:: Problem requirements ::
Please reproduce the lines of the records below from the one holding "Add instant appeal" through the one holding "I am mixed media", inclusive, skipping all pictures.

:: Dataset excerpts ::

—————

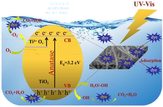 The process of dye removal by M5-TiO2 (2) membrane consisted of two main steps: one was dye adsorption, the other was dye photocatalytic degradation. The former could be achieved through the porous structure of the composite membrane, -COOH/-COO− and TiO2 nanoparticles on the membrane surface. The latter was depicted in Figure 14, anatase TiO2 has been shown by numerous studies to be more photocatalytically active due to having lower surface energy than rutile. Under UV irradiation, the valence band electrons of anatase TiO2 were excited to the conduction band (CB), the photogenerated electrons on the CB reacted with O2 to form ·O2−. The introduction of Ti3+ and Ov can produce an impurity level just below the CB, the electrons trapped by Ov and hopping between Ti3+ and Ti4+, which is helpful to improve the concentration of photogenerated carriers and utilization rate of light. On the other hand, the photogenerated holes on the valence band (VB) reacted with H2O or OH− to form ·OH. Under the action of ·O2−, ·OH, and the photogenerated holes, the organic dye can be effectively degraded into CO2, H2O, and other degradation products [52].
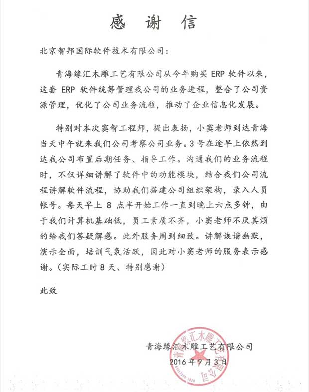 青海缘汇木雕工艺有限公司感谢信
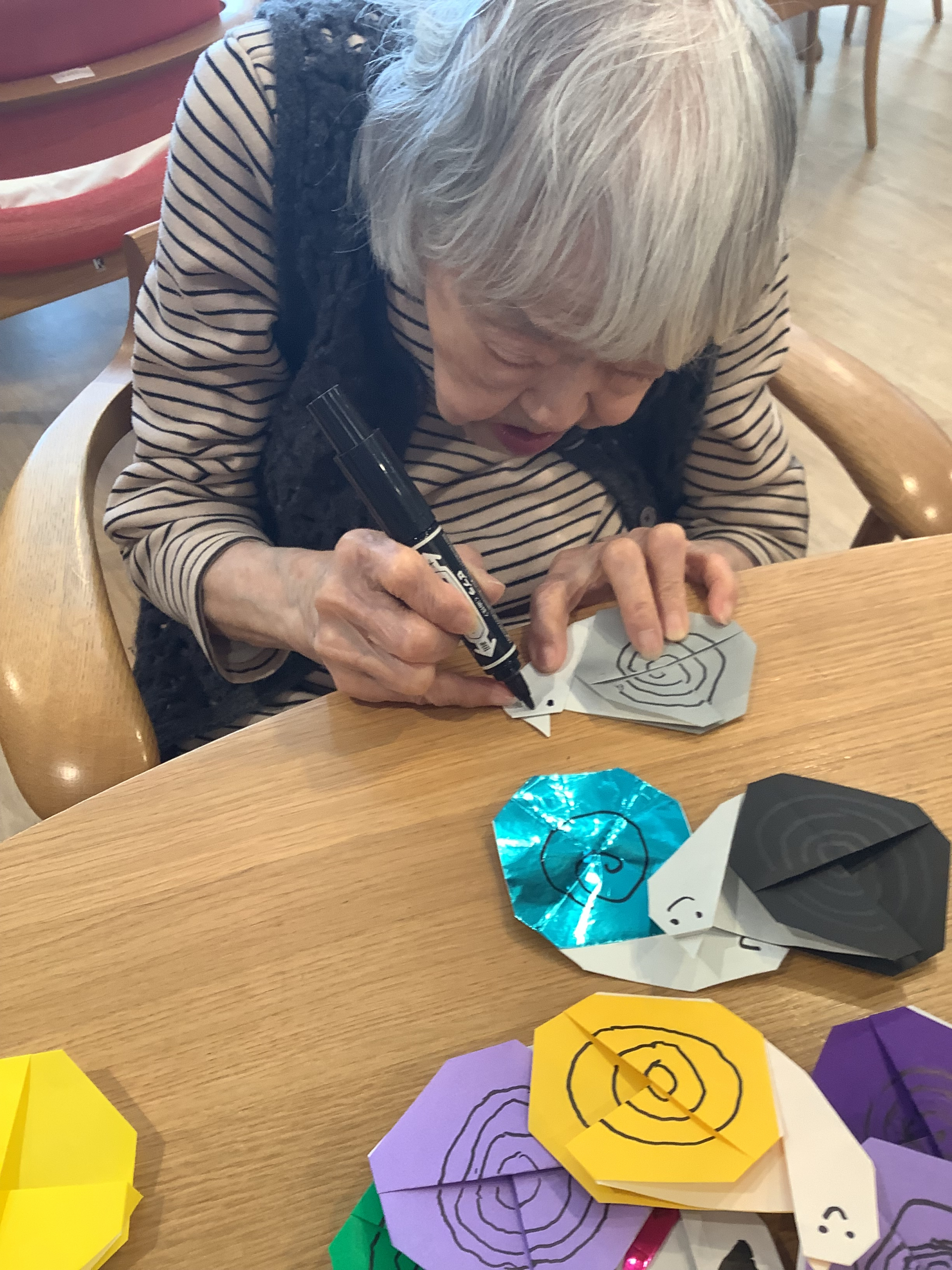 2024.05.25 活動報告 ☆WEST☆ 紫陽花⑤ Tweet シェアする 紫陽花が完成した後は「かたつむり」を‼ 好きな折り紙を選びかたつむり折った後は顔を書いていきます( *´艸`) カワ(・∀・)イイ!! GH小日向 きむら 前の記事 2024.05.25 活動報告 ☆WEST☆ 寝心地最高 次の記事 2024.05.25 活動報告 ☆WEST☆ 整えて・・ 一覧へ戻る
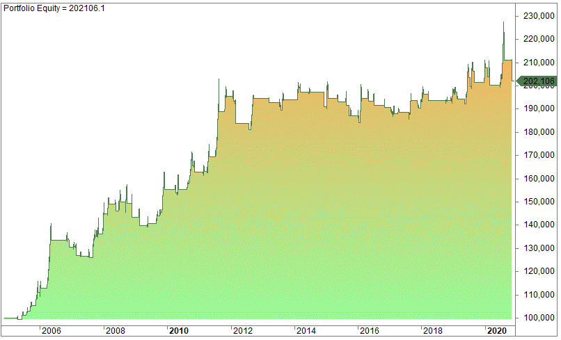 We give you the Amibroker code (and for Tradestation if you require) for the strategies we made above on demand. Read more here:
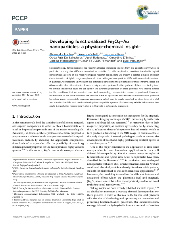 (PDF) Developing Functionalized Fe3O4-Au Nanoparticles: a Physico ...
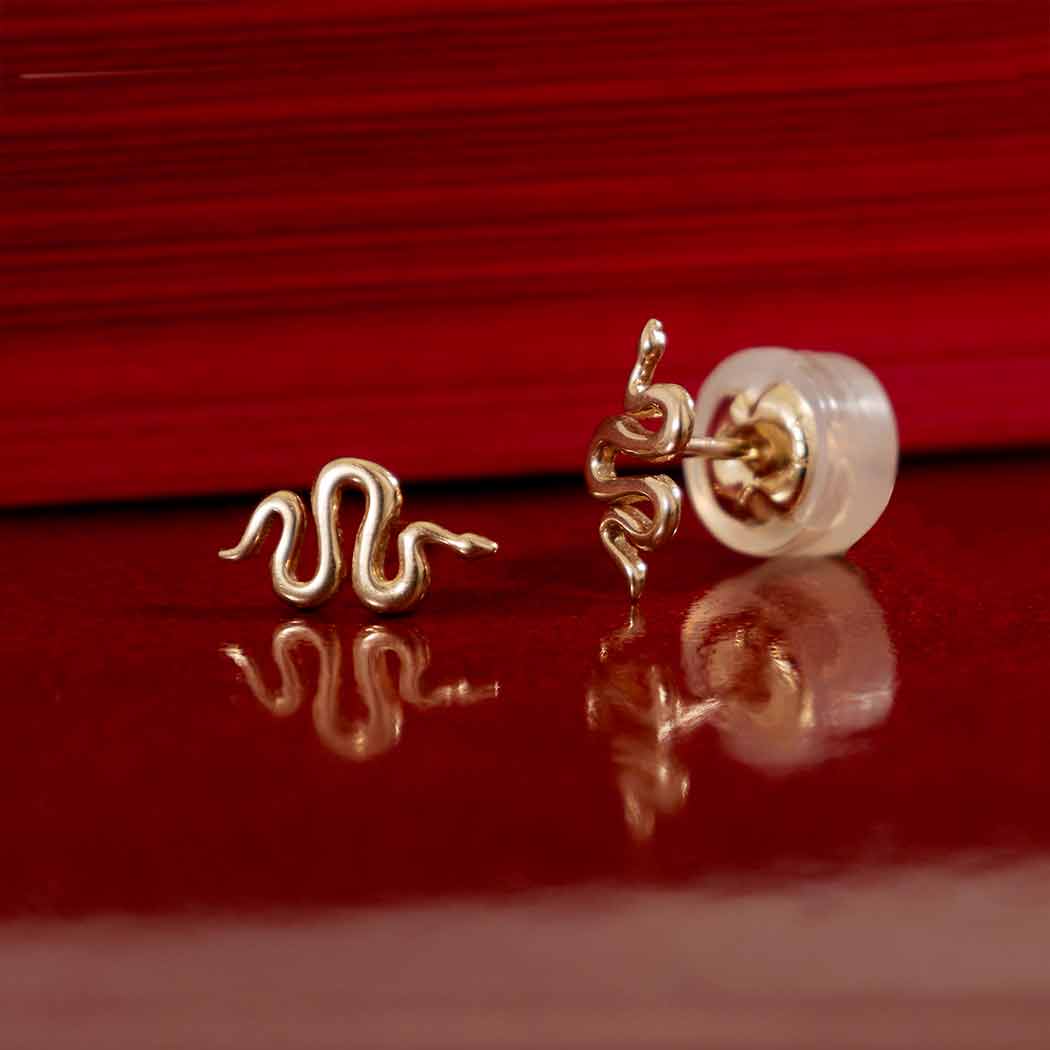 Add instant appeal to your jewelry line when you offer these solid 14K gold tiny snake post earrings. Snakes are beguiling creatures saturated with symbolism. Because they shed their skin & move so quickly, they've come to signify stealth, rebirth, and as protectors of the shadow realms & portals between worlds. Find Solid Gold Necklaces and Charms to add to your jewelry line as well.
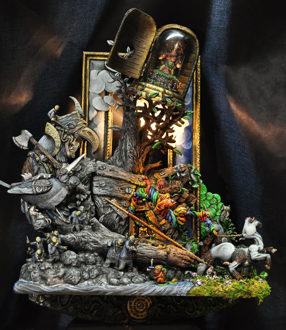 I am mixed media artist- creating narrative relief sculptures. I’m inspired by anthropology, mythology, psychology and the things that make us humans tick in the direction of the infinite
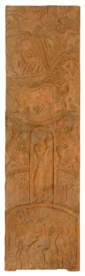 Com jogos de luz e mecanismos do engenheiro espanhol catalão Carles Buïgas (1898-1979) - também responsável pela fonte luminosa da Praça do Império, em Belém -, o monumento foi enriquecido com esculturas de Diogo de Macedo (1889-1959) e Maximiliano Alves (1888-1954), enquanto os corpos laterais exibem dois baixos relevos de Jorge Barradas (1894-1971). Inicialmente policromados, estes painéis integram várias cenas que valorizam o trabalho, a harmonia entre a cidade e a lezíria ribatejana e a união familiar reforçada pelo Estado Novo.
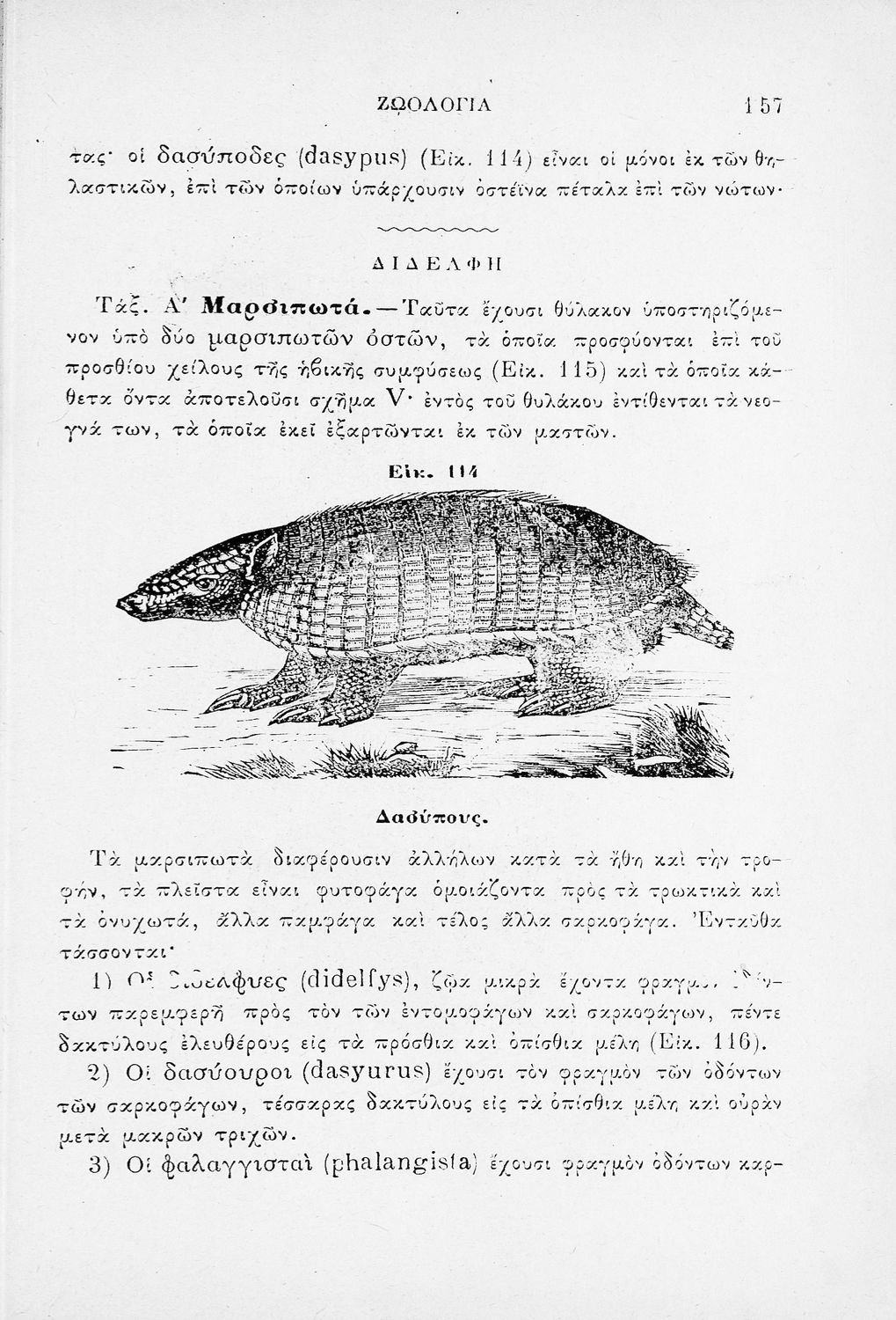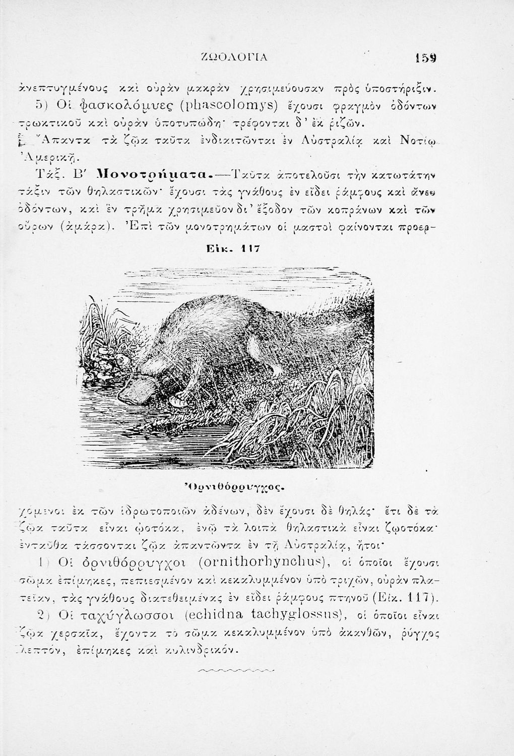 Σχολικό εγχειρίδιο Ζωολογίας για τα Γυμνάσια, τα Διδασκαλεία και τα Παρθεναγωγεία που εστιάζει στην ανθρώπινη φυσιολογία και ανατομία και παρουσιάζει τα διάφορα ζώα ανάλογα με την συνομοταξία στην οποία ...
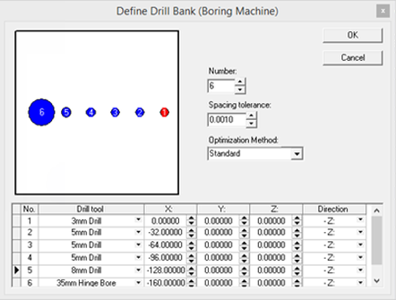Depending on the number of drills and the availability of Left / Right hand tooling. We would usually setup the less common drills, such as 3mm, 8mm, 10mm & 35mm first closer to the outsides, then fill as many 5mm drills together for gang drilling of shelf holes.

—————

:: Answer ::
 Add instant appeal to your jewelry line when you offer these solid 14K gold tiny snake post earrings. Snakes are beguiling creatures saturated with symbolism. Because they shed their skin & move so quickly, they've come to signify stealth, rebirth, and as protectors of the shadow realms & portals between worlds. Find Solid Gold Necklaces and Charms to add to your jewelry line as well.
 I am mixed media artist- creating narrative relief sculptures. I’m inspired by anthropology, mythology, psychology and the things that make us humans tick in the direction of the infinite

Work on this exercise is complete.